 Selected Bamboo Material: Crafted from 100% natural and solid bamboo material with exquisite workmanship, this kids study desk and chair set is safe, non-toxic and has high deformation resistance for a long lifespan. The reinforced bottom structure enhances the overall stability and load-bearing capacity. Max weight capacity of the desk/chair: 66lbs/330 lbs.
= = = = = = =
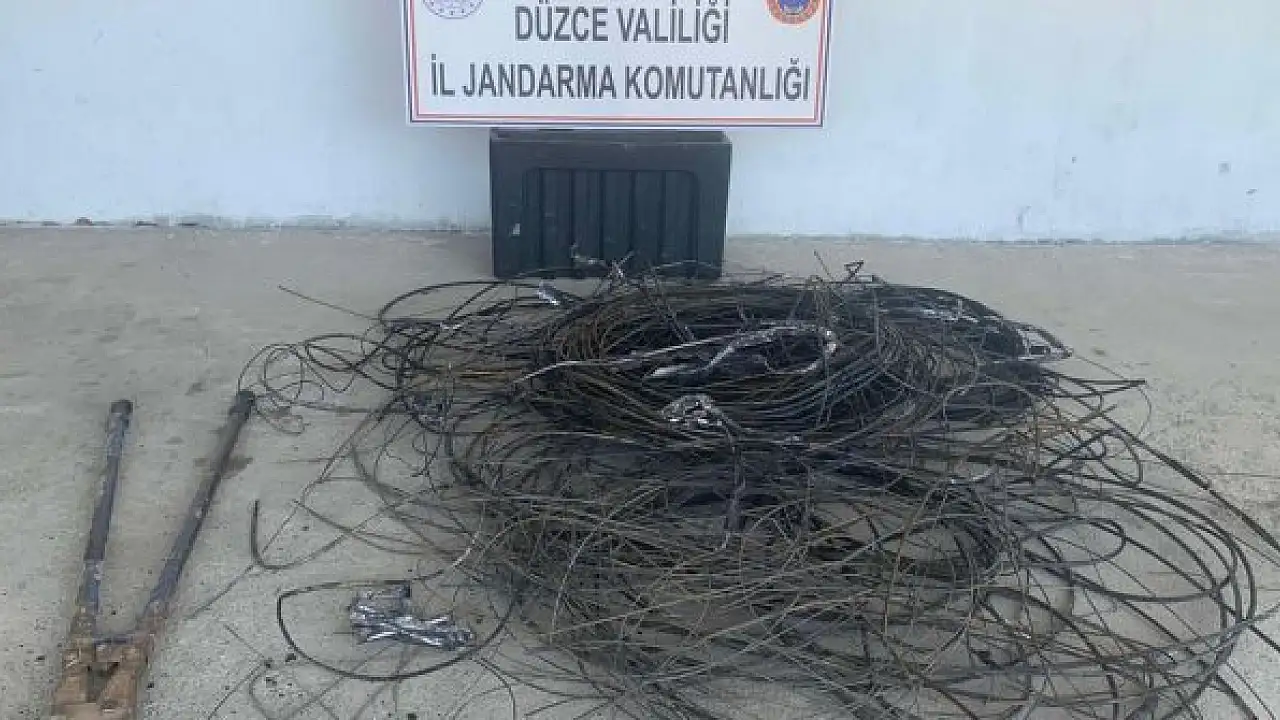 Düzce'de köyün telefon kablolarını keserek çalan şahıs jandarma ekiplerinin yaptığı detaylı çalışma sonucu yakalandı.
= = = = = = =
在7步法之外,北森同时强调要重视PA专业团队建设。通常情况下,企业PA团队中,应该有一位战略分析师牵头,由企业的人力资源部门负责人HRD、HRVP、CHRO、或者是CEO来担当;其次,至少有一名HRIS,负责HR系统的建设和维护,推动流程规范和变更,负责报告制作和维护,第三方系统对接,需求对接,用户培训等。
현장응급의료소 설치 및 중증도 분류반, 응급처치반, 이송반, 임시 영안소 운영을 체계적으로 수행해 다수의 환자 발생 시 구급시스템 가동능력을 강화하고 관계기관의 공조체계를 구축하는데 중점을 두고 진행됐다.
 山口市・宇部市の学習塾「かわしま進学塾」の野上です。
= = = = = = =
> **ACTIVITY**
Would you copy, unchanged, the stretch of the records above that begins at the line containing "현장응급의료소 설치 및" and ends at the line containing "山口市・宇部市の学習塾「かわしま進学塾」の野上です。", and only that?

> **ANSWER TO THE PROBLEM**
현장응급의료소 설치 및 중증도 분류반, 응급처치반, 이송반, 임시 영안소 운영을 체계적으로 수행해 다수의 환자 발생 시 구급시스템 가동능력을 강화하고 관계기관의 공조체계를 구축하는데 중점을 두고 진행됐다.
 山口市・宇部市の学習塾「かわしま進学塾」の野上です。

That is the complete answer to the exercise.